Work instructions:
Return the data that follows exactly as it appears. Pictures do not belong in the copy.

Collected data entries

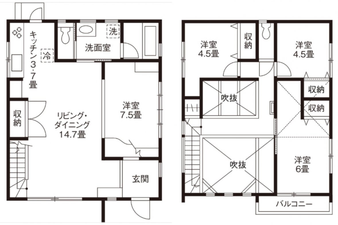 玄関ドアやバルコニーも木質感のあるデザインを選び、ナチュラルな印象に。1階の小上がり洋室は、お子さまが小さいうちは子ども部屋として使用でき、扉を開けるとひとつながりのワンルームとしても活用可能です。吹抜けを通して2階の様子も見渡せる、開放的な住まいを実現しました。
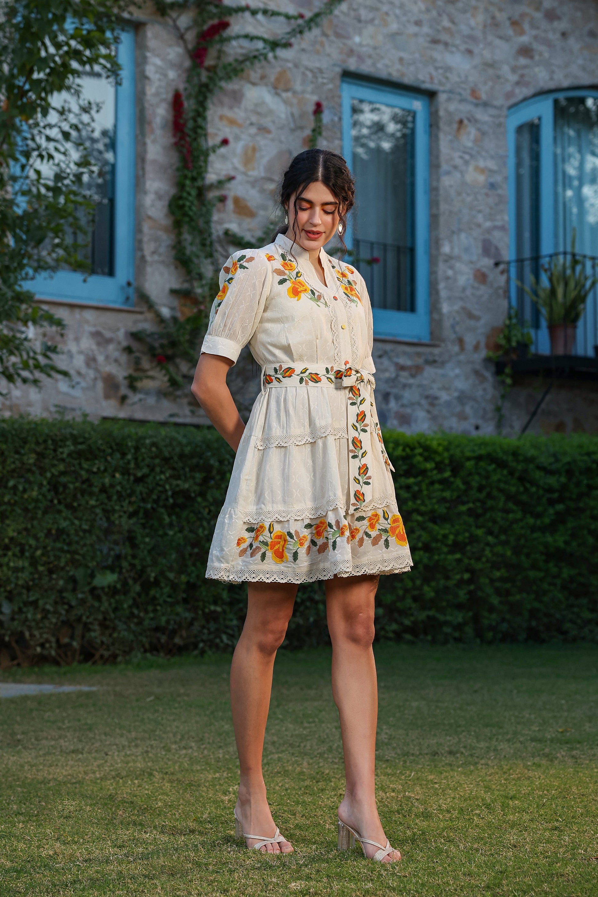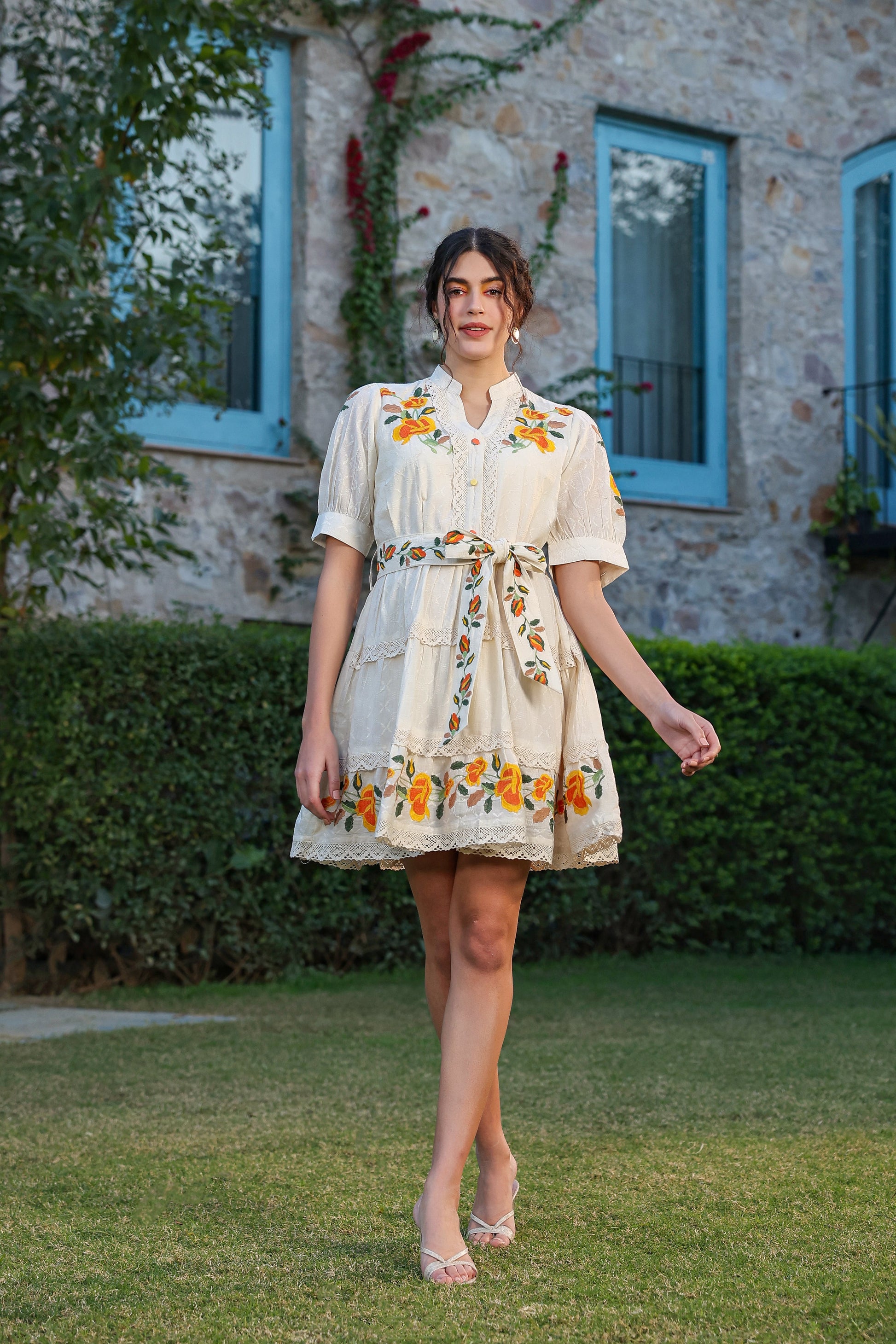 Cream Mal Mal Cotton Stylish Embroidered Tunic
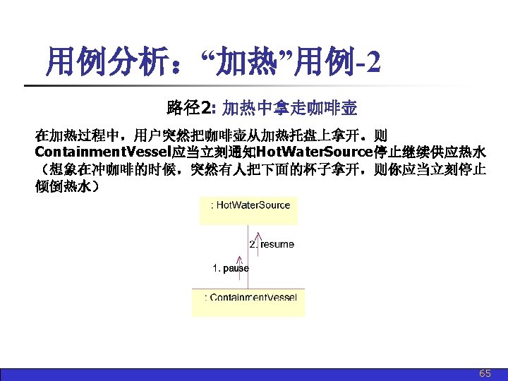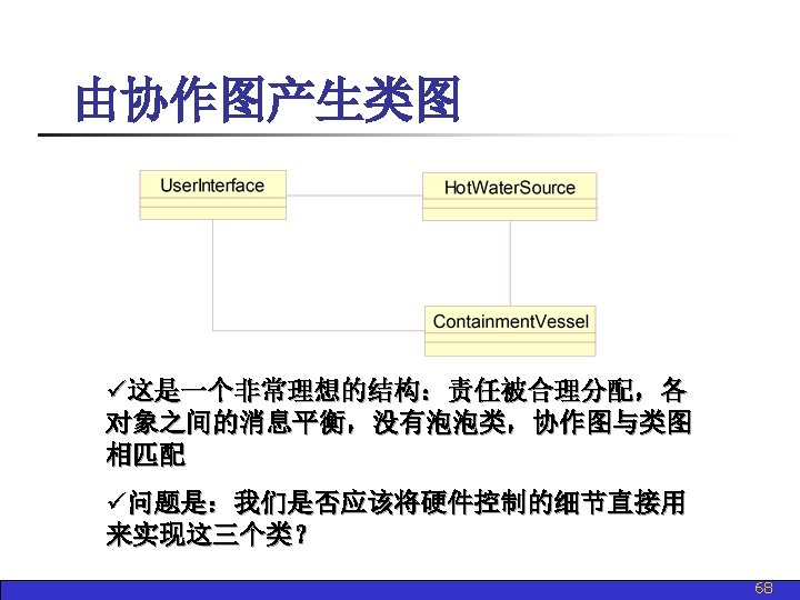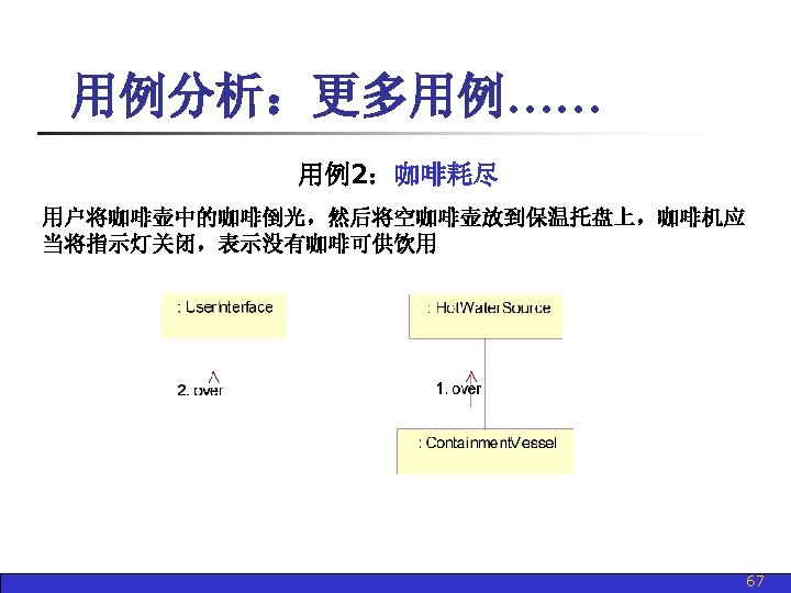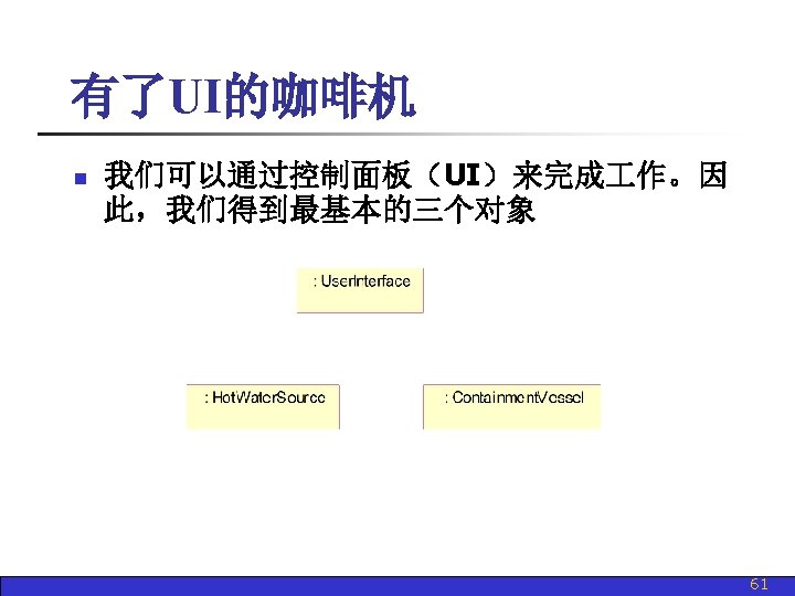 相关API-2 /** * 此函数返回加热按钮的状态。加热按钮是一个接触式 * 按钮,能够记住它自己的状态。调用这个函数将返回 * 其当前状态。然后将自己的状态恢复为 * BREW_BUTTON_NOT_PUSHED。 */ public int get. Brew. Button. Status(); public static final int BREW_BUTTON_PUSHED = 0; public static final int BREW_BUTTON_NOT_PUSHED = 1; /** * 此函数开关烧水壶的加热器件 */ public void set. Boiler. State(int boiler. Status); public static final int BOILER_ON = 0; public static final int BOILER_OFF = 1; 48
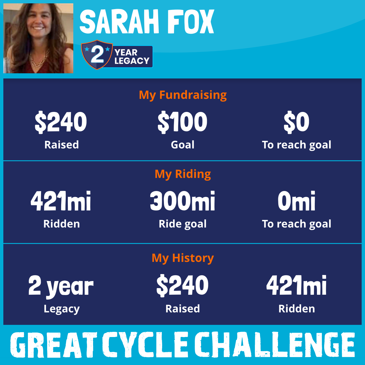 421 mi Ridden$240 Raised2025
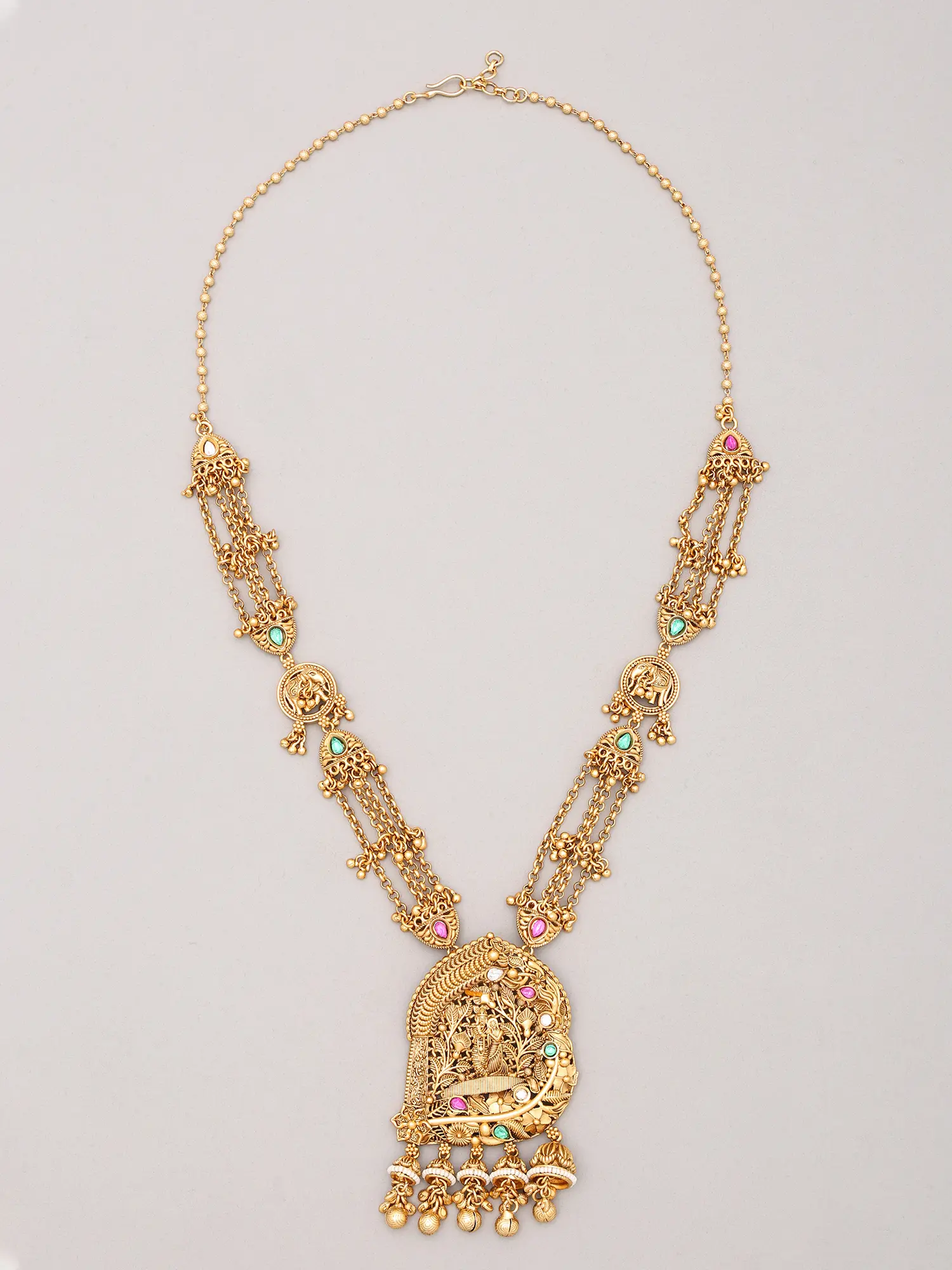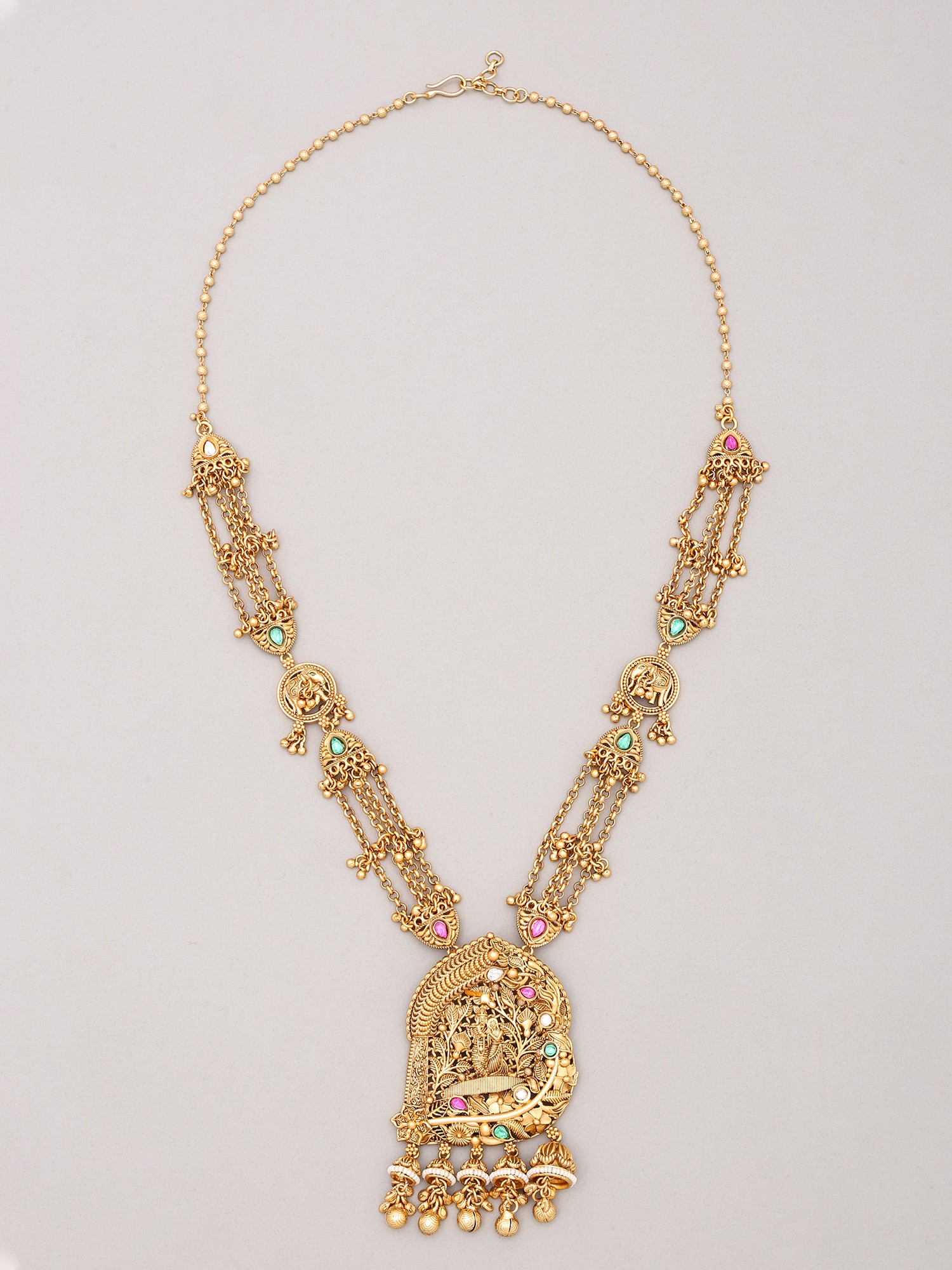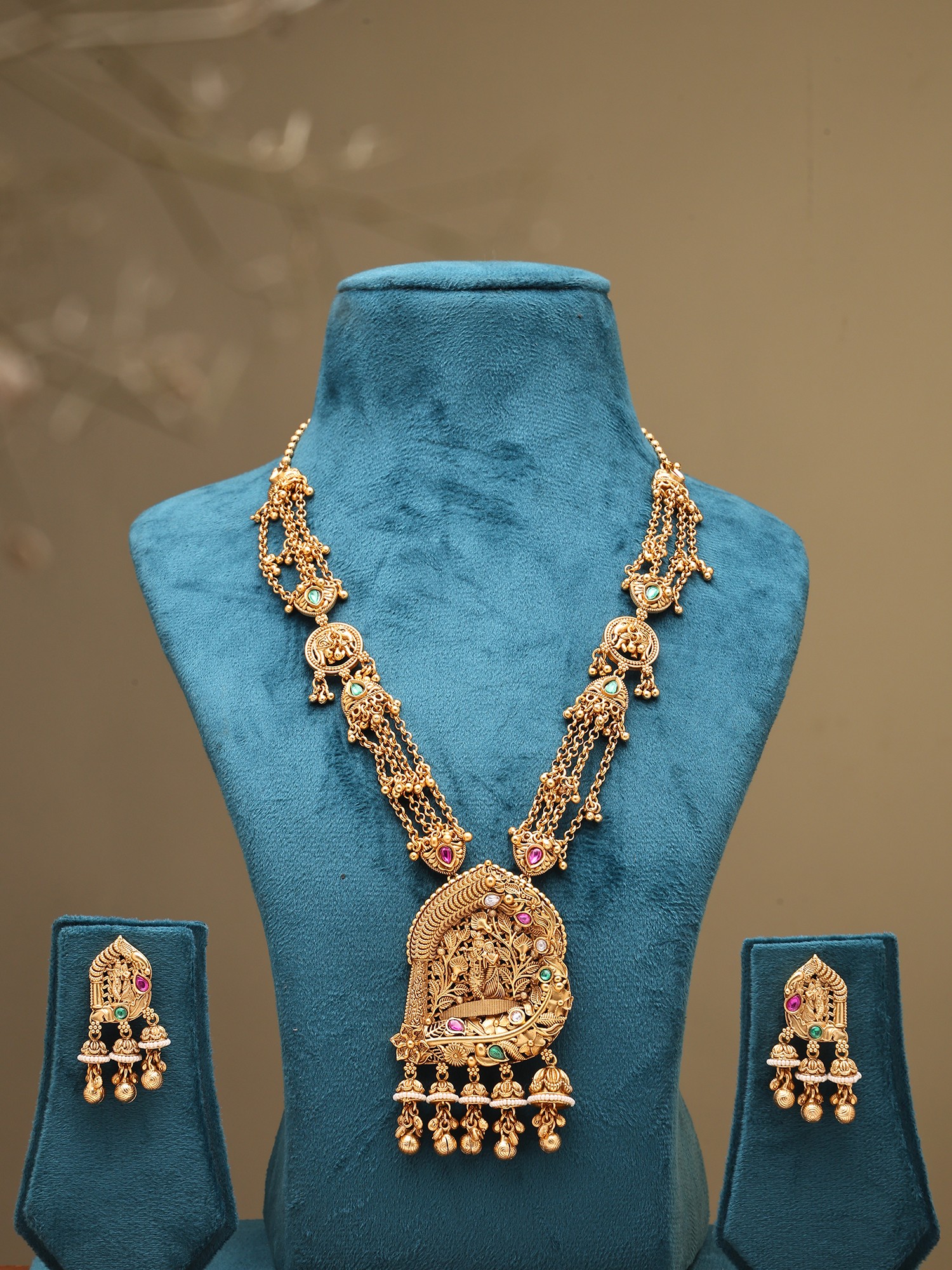 Adorn yourself with a testament to divine artistry, a piece that whispers tales of devotion and eternal love. This magnificent ensemble, featuring a temple-inspired Haram necklace and meticulously crafted earrings, is designed to capture the essence of sacred narratives, making you the radiant center of any occasion. It is more than mere adornment; it is an heirloom that connects you to centuries of spiritual heritage.

Response to the task:
 玄関ドアやバルコニーも木質感のあるデザインを選び、ナチュラルな印象に。1階の小上がり洋室は、お子さまが小さいうちは子ども部屋として使用でき、扉を開けるとひとつながりのワンルームとしても活用可能です。吹抜けを通して2階の様子も見渡せる、開放的な住まいを実現しました。
 Cream Mal Mal Cotton Stylish Embroidered Tunic
 相关API-2 /** * 此函数返回加热按钮的状态。加热按钮是一个接触式 * 按钮,能够记住它自己的状态。调用这个函数将返回 * 其当前状态。然后将自己的状态恢复为 * BREW_BUTTON_NOT_PUSHED。 */ public int get. Brew. Button. Status(); public static final int BREW_BUTTON_PUSHED = 0; public static final int BREW_BUTTON_NOT_PUSHED = 1; /** * 此函数开关烧水壶的加热器件 */ public void set. Boiler. State(int boiler. Status); public static final int BOILER_ON = 0; public static final int BOILER_OFF = 1; 48
 421 mi Ridden$240 Raised2025
 Adorn yourself with a testament to divine artistry, a piece that whispers tales of devotion and eternal love. This magnificent ensemble, featuring a temple-inspired Haram necklace and meticulously crafted earrings, is designed to capture the essence of sacred narratives, making you the radiant center of any occasion. It is more than mere adornment; it is an heirloom that connects you to centuries of spiritual heritage.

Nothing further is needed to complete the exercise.